Turkey is the leading jailer of journalists in the world. The Stockholm Center for Freedom (SCF) has documented that 264 journalists are now in jails as of June 16, most in pre-trial detention languishing in notorious Turkish prisons without even a conviction. Of those in Turkish prisons, 240 are arrested pending trial, only 24 journalists remain convicted and serving time in Turkish prisons. An outstanding detention warrants remain for 105 journalists who live in exile or remain at large in Turkey.

Detaining tens of thousands of people over alleged links to the movement, the government also closed down more than 180 media outlets after the controversial coup attempt.

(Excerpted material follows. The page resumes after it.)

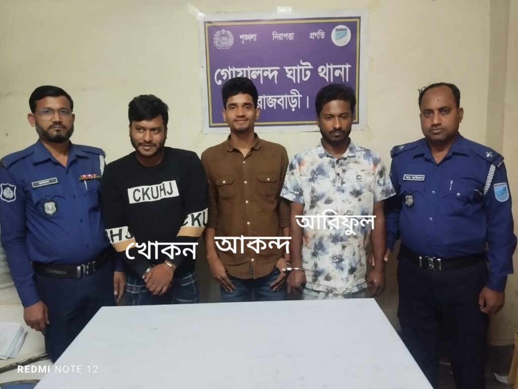 গোয়ালন্দ ঘাট থানার অফিসার ইনচার্জ (ওসি) মোহাম্মদ রাকিবুল ইসলাম বলেন, এসআই সেলিম মোল্যা সঙ্গীয় অফিসার ও ফোর্স সহ গোয়ালন্দ ঘাট থানার বৃহস্পতিবার (৬মার্চ) দায়েরকৃত মারামারি মামলা দায়ের হয়। ওই মামলার আসামী মোঃ আরিফুল ইসলাম শান্ত, মোঃ সাফায়েত আকন্দ, খোকনকে গোয়ালন্দঘাট থানার দৌলতদিয়া পূর্বপাড়া পতিতাপল্লির মধ্যে রাশিদার বাড়ী থেকে গ্রেপ্তার করে। শুক্রবার সকালে তাদেরকে রাজবাড়ী আদালতে প্রেরণ করা হয়েছে।

A controversial military coup attempt on July 15 killed over 240 people. Immediately after the putsch, the Justice and Development Party (AKP) government along with Turkey’s autocratic President Recep Tayyip Erdoğan pinned the blame on the Gülen movement.

Fethullah Gülen, who inspired the movement, strongly denied having any role in the failed coup and called for an international investigation into it, but President Erdoğan — calling the coup attempt “a gift from God” — and the government initiated a widespread purge aimed at cleansing sympathizers of the movement from within state institutions, dehumanizing its popular figures and putting them in custody.

At least 161,751 people were detained or investigated and 50,334 people were arrested in Turkey in the framework of the Turkish government’s massive post-coup witch hunt campaign targeting alleged members of the Gülen movement since the controversial coup attempt on July 15, 2016, according to statistics reported by state-run Anadolu news agency by basing on information taken from the officials from Turkey’s Justice Minsitry on June 13.